Question: My program sets the parameters for a precast concrete slab family.
The family was created in Revit 2015 and all runs perfectly.
The family has been upgraded to Revit 2016 and the plug in still runs fine.
However, the slabs created in Revit 2016 look completely wrong.
Here is how they appear correctly in Revit 2015:
In Revit 2016, the slabs are displayed incorrectly and look like this:
If you hover the mouse over a slab in Revit 2016, the blue selection outline shows the correct slab geometry:
I tried two different Revit 2016 installations with different graphics cards and get the same problem.
I also tried Revit 2018 and get the same problem.
Answer: Is the slab possibly more than 20 miles from the origin?
The instance locations I am getting from the input file are at:
X = ~355 miles Y = ~130 miles
For testing, I added this line to the macro:
XYZ origin = new XYZ( slabDetail.OX / mmToFeetRatio, slabDetail.OY / mmToFeetRatio, slabDetail.OZ / mmToFeetRatio ); TaskDialog.Show( "Instance location", origin.ToString() );
This is where I see feet values of
>1.87 million for
These coordinates are truly exorbitant!
Revit expects geometry to be placed relatively near its origin.
If this is violated, graphical issues such as these can result.
Why did it work in Revit 2015?
No idea, but placing elements at these distances has never, ever, been a good idea.
Response: Wow, great!
I moved the family instances near to the origin and they are now created well.
Question: David Veld asks below: I've always wondered where this 20 mile limit comes from, from a coding-technical point of view. If Revit is written in native C++ and stores its coordinates in feet, as doubles, the limit should be 1.8 × 10^308 (right?) – this is waaaay beyond 20 miles. Or does this mean they are not and perhaps stored in another way?
Answer: First of all, read about demystifying floating point precision. The precision is reduced the higher the number that is stored.
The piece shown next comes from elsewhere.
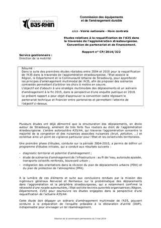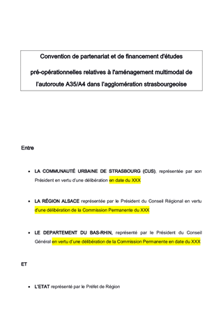 Dans la suite des premières études réalisées entre 2004 et 2010 pour la requalification de l'A35 dans la traversée de l'agglomération strasbourgeoise, l'Etat associe la Région, le Département et la Communauté Urbaine de Strasbourg, pour approfondir les principes d'aménagement multimodal de l'A35, afin de proposer des scénarios contrastés permettant d'arbitrer les choix à mettre en oeuvre. L'objectif est d'aboutir à une stratégie multimodale des déplacements et un scénario d'aménagement à la fin 2015, dans la perspective d'une enquête publique en 2018. Le présent rapport a pour objet d'approuver la convention cadre régissant le partenariat technique et financier entre partenaires et permettant l'atteinte de l'objectif ci-dessus.
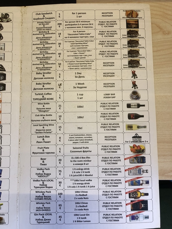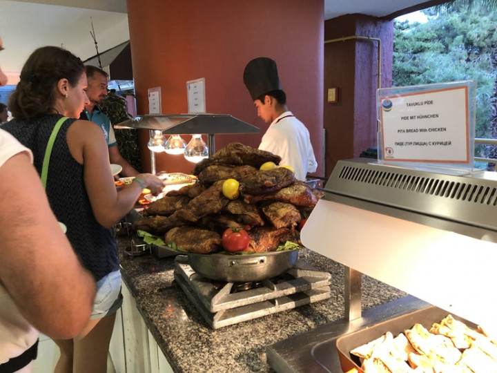 Напитки: чай турецкий, в пакетиках, кофе из автоматов нормальный, вино белое, красное, соки из автоматов (моя яблоко постоянно пила) и др газированные напитки в самообслуживании. Официанты только забирают и убирают со стола. Свежевыжатый апельсиновый по утрам 1 евро. Стакан большой, сок вкусный! Можно себе при желании позволить. Записывают чек на номер комнаты.

20 miles is 105600 feet. According to the table there, the precision is about 0.008 feet at that range for floats. This is about 0.2 cm, which is pretty close to Revit's built-in precision limit of about 1/16th of an inch that we repeatedly encountered in the past:
The Revit help clearly documents the maximum distance limit of 20 miles.
It covers the projection of a plane onto a curved spherical surface, and also the double accuracy issue that is probably causing the weird slabs.
Response: This makes sense and also raises more questions.
The shown calculations are based on 32bit floats; could it be that temporary upgrading to 64 bits environment Autodesk made coordinates 64 bit floats (thus showing Jim Jia's script working fine in 2015)? Then, later, when improving performance, they switched back to 32 bits? If this is possible could this be set as a variable setting (I'd love to be able to work beyond the 20-mile radius (with precision)).
Autodesk sets the precision of 1/16th of an inch for the ENTIRE 20-mile zone; however, this should only apply for the very far exorbitant areas of the circle. Doesn't this mean there is A LOT of potential precision in your normal range of let say 250 feet or so from the origin where most buildings would fit in?
Since we are talking about Cartesian coordinates (X & Y), should the zone be a square rather than a circle?
Food for thought, but Revit's (internal as well as shared) coordinate systems keeps surprising and confusing me.
Answer: Ours is not to wonder why; ours is but to do or die.
No answer to any of these questions is going to help you or affect your work in any way whatsoever.
I still find them interesting, of course, just as you and many others also.
Revit coordinates are not stored in floats.
However, even before precision issues actually cause full storage error as described in the article on demystifying floating point precision mentioned above, imprecision can affect double calculations, e.g., when is 10 not equal to 10? When you add 0.1 (double) 100 times and expect it to be exactly 10. It never is. These effects are exacerbated at higher orders of magnitude.
You cannot work beyond the 20-mile radius, and you cannot work below the 1/16th inch size, ca. 2mm.
That is a fact you have to accept.
That is why it is so clearly documented.
As always, you can work around it. Here is an example of doing so, for modelling small details, by importing a DWG file – however, please also be aware that it is in general recommended to avoid importing CAD into RFA.
The recommendation to avoid exorbitant coordinates is not specific to Revit, by the way.
Almost all CAD systems start behaving weirdly at large distances from the origin.
AutoCAD used to be an exception, making use of doubles, as demonstrated by John Walkers planetary system sample way back then.
However, under certain circumstances, for certain workflows, this even applies to AutoCAD, I'm afraid.
I recommend getting into the habit of staying close to the origin always, for everything, and managing some kind of base point information to offset your design to wherever you really want it in the larger universe of things.